Task objective: Line by line, repeat the data below exactly, beginning at the first line and ending at the line with "房间宽敞明亮,环境整洁,大屏投影非常nice,临近海边,可以看海。". Omit pictures.
### Material shown
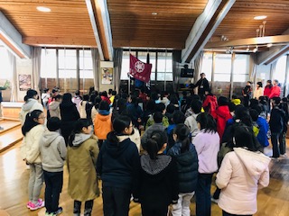 ついに退所式です。2泊3日の花背山の家ともお別れです。三日間を思い出し花背山の家に別れを告げます。
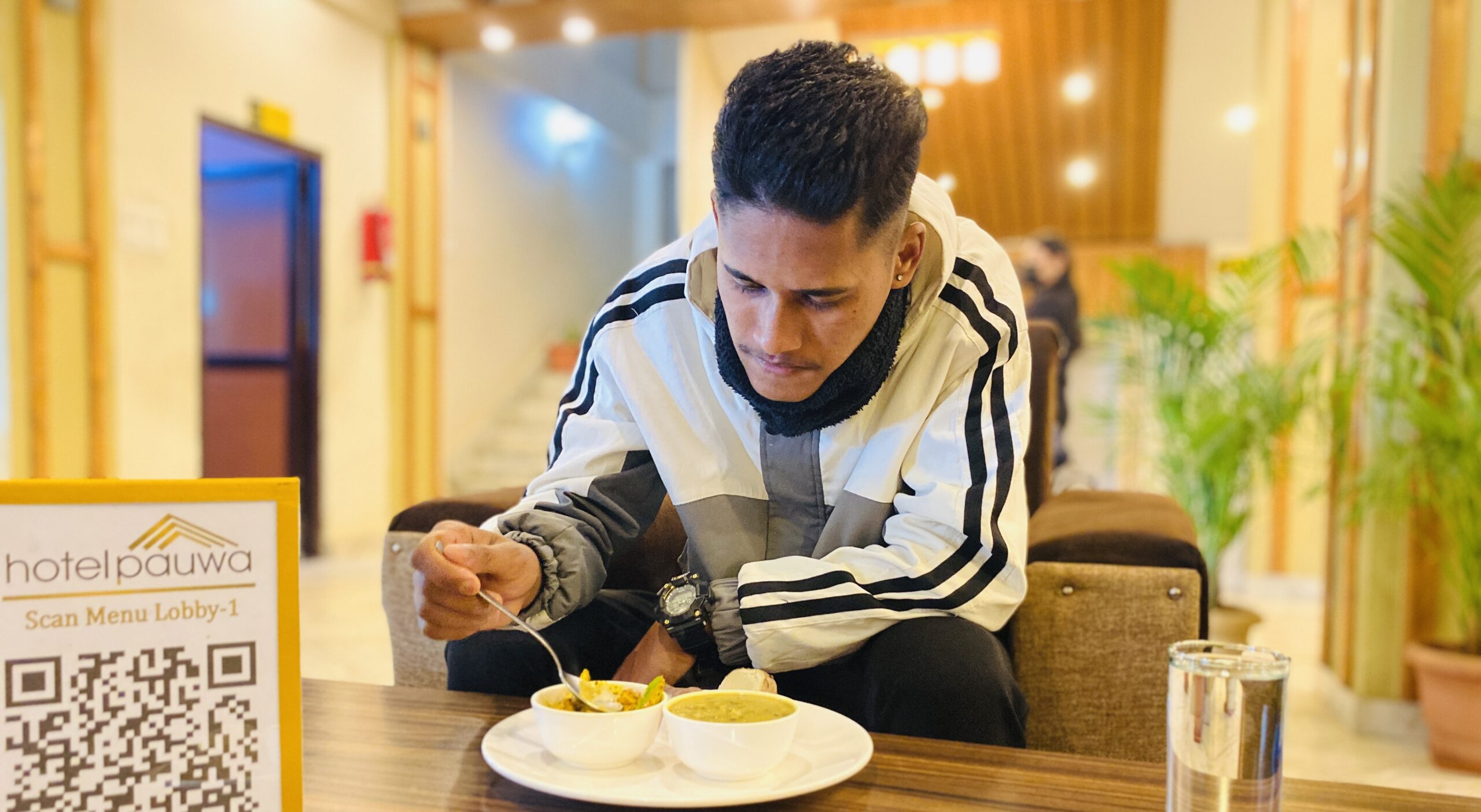 ग्राहकलाई माघे सक्रान्ती विशेष खिचडी खुवाउँदै होटल पौवा
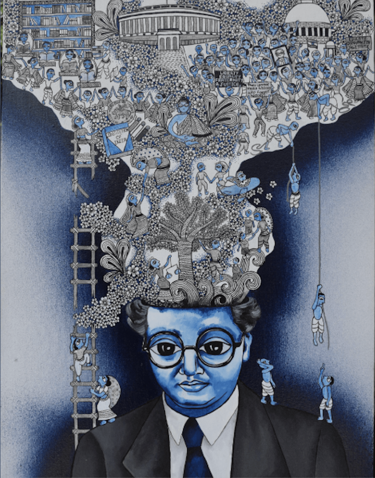 In Malavika Raj‘s Madhubani-style art piece, the foresightedness of Dr. Ambedkar’s comes alive – a vivid and rich reflection of India’s past, present and future. The display of his gifting of vision on cultivation of mind, on human progress, knowledge, and morality of Buddhism offered through constitutional and parliamentary democracy easily makes it one of our favourites.
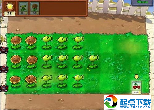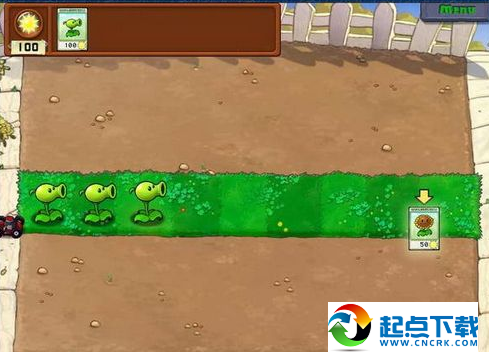 這一關(guān)沒什么好說的,相當(dāng)于教程關(guān)。點(diǎn)太陽,擺豌豆。
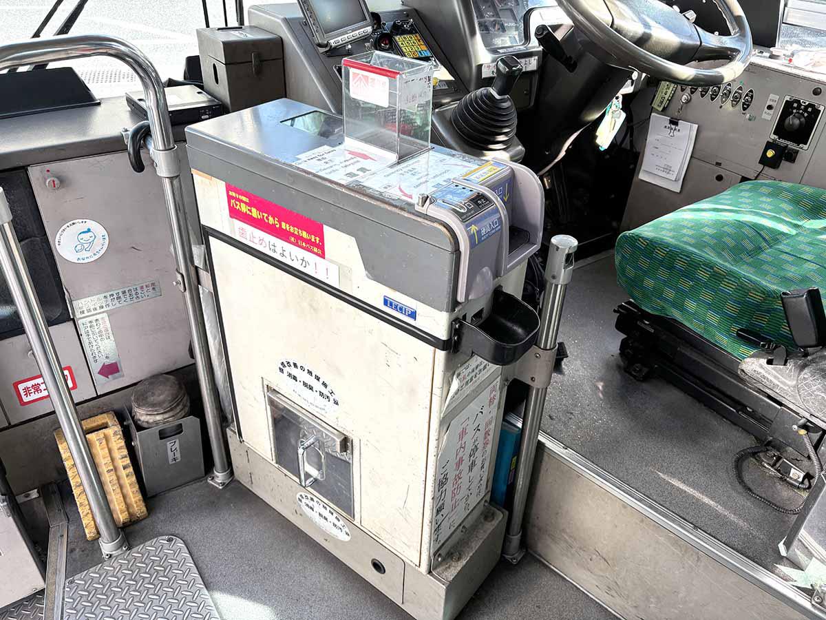 - 運転席横にある運賃箱はおつりが出ません。あらかじめバスが停車中に運賃箱にある両替機で両替をお願いいたします。硬貨及び千円札以外の両替はできませんのでご了承ください。
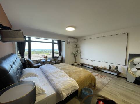 房间宽敞明亮,环境整洁,大屏投影非常nice,临近海边,可以看海。
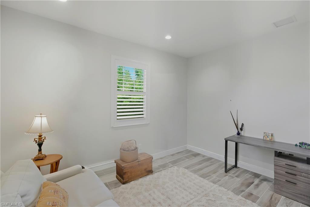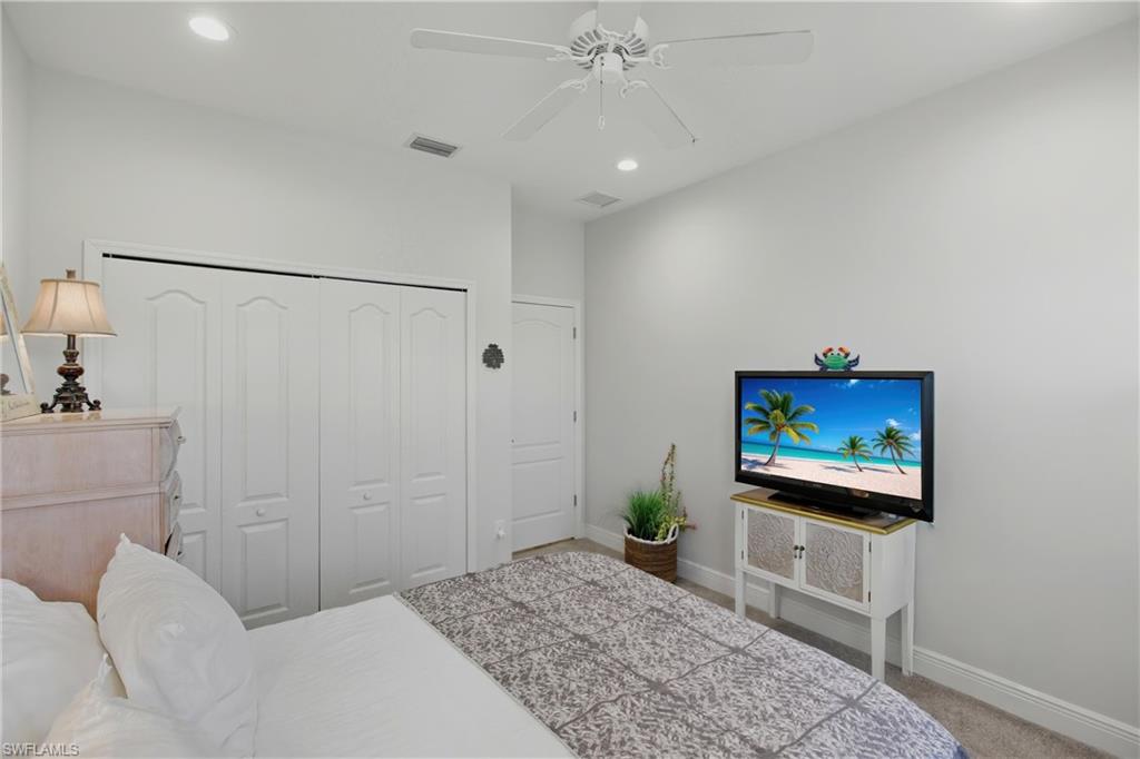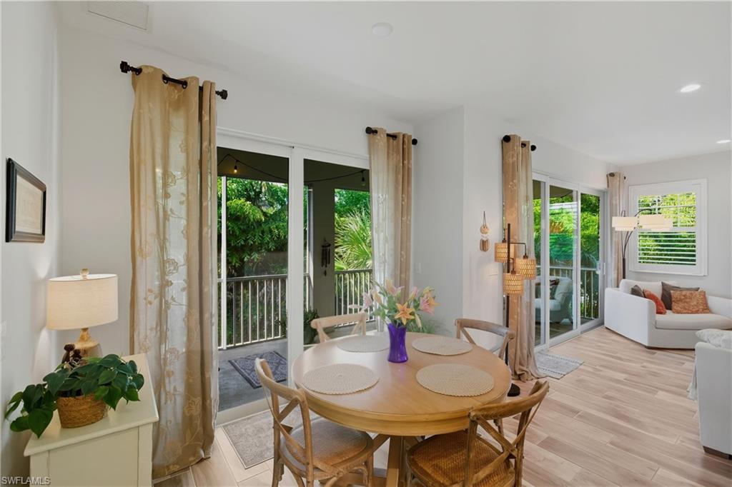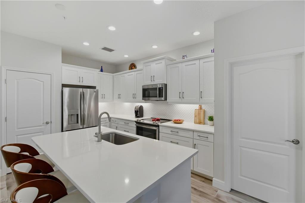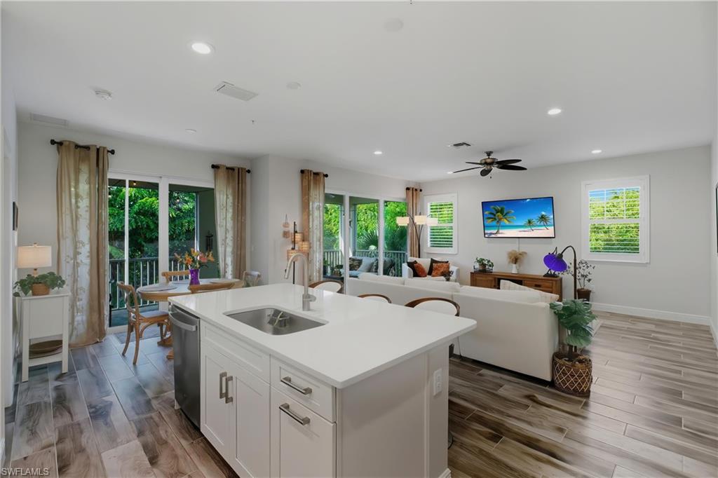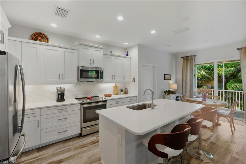 Pristine second-floor end unit offering private views and abundant natural light. This Windemere model carriage home in Avalon of Naples features 2 bedrooms plus a den, 2 bathrooms, and a 1-car garage with 1,660 square feet under air. The south and southwest exposure fills the home with light throughout the day. The upgraded kitchen includes white cabinets, quartz countertops, and stainless-steel appliances. Stylish 8x36 wood-look plank tile floors and plantation shutters run through every room, while the light color palette creates a clean, timeless look. As a newer construction home, it meets modern hurricane standards with impact windows and doors, and solid concrete construction provides added peace of mind. The split floor plan gives guests privacy, with the second bedroom and bathroom separated from the primary suite and featuring its own full bath. Avalon is a gated community located just minutes from Naples’ sandy beaches, 5th Avenue, 3rd Street South, and some of the best dining and shopping in the area. You’re only 5 miles from the historic charm of Olde Naples, Naples Pier, and Naples Beach. Residents enjoy a resort-style pool and hot tub, along with a clubhouse that can be reserved for private gatherings, making it easy to relax and entertain close to home. A 3D walk-through is available through the Virtual Tour link.
######
Result below:
 ついに退所式です。2泊3日の花背山の家ともお別れです。三日間を思い出し花背山の家に別れを告げます。
 ग्राहकलाई माघे सक्रान्ती विशेष खिचडी खुवाउँदै होटल पौवा
 In Malavika Raj‘s Madhubani-style art piece, the foresightedness of Dr. Ambedkar’s comes alive – a vivid and rich reflection of India’s past, present and future. The display of his gifting of vision on cultivation of mind, on human progress, knowledge, and morality of Buddhism offered through constitutional and parliamentary democracy easily makes it one of our favourites.
 這一關(guān)沒什么好說的,相當(dāng)于教程關(guān)。點(diǎn)太陽,擺豌豆。
 - 運転席横にある運賃箱はおつりが出ません。あらかじめバスが停車中に運賃箱にある両替機で両替をお願いいたします。硬貨及び千円札以外の両替はできませんのでご了承ください。
 房间宽敞明亮,环境整洁,大屏投影非常nice,临近海边,可以看海。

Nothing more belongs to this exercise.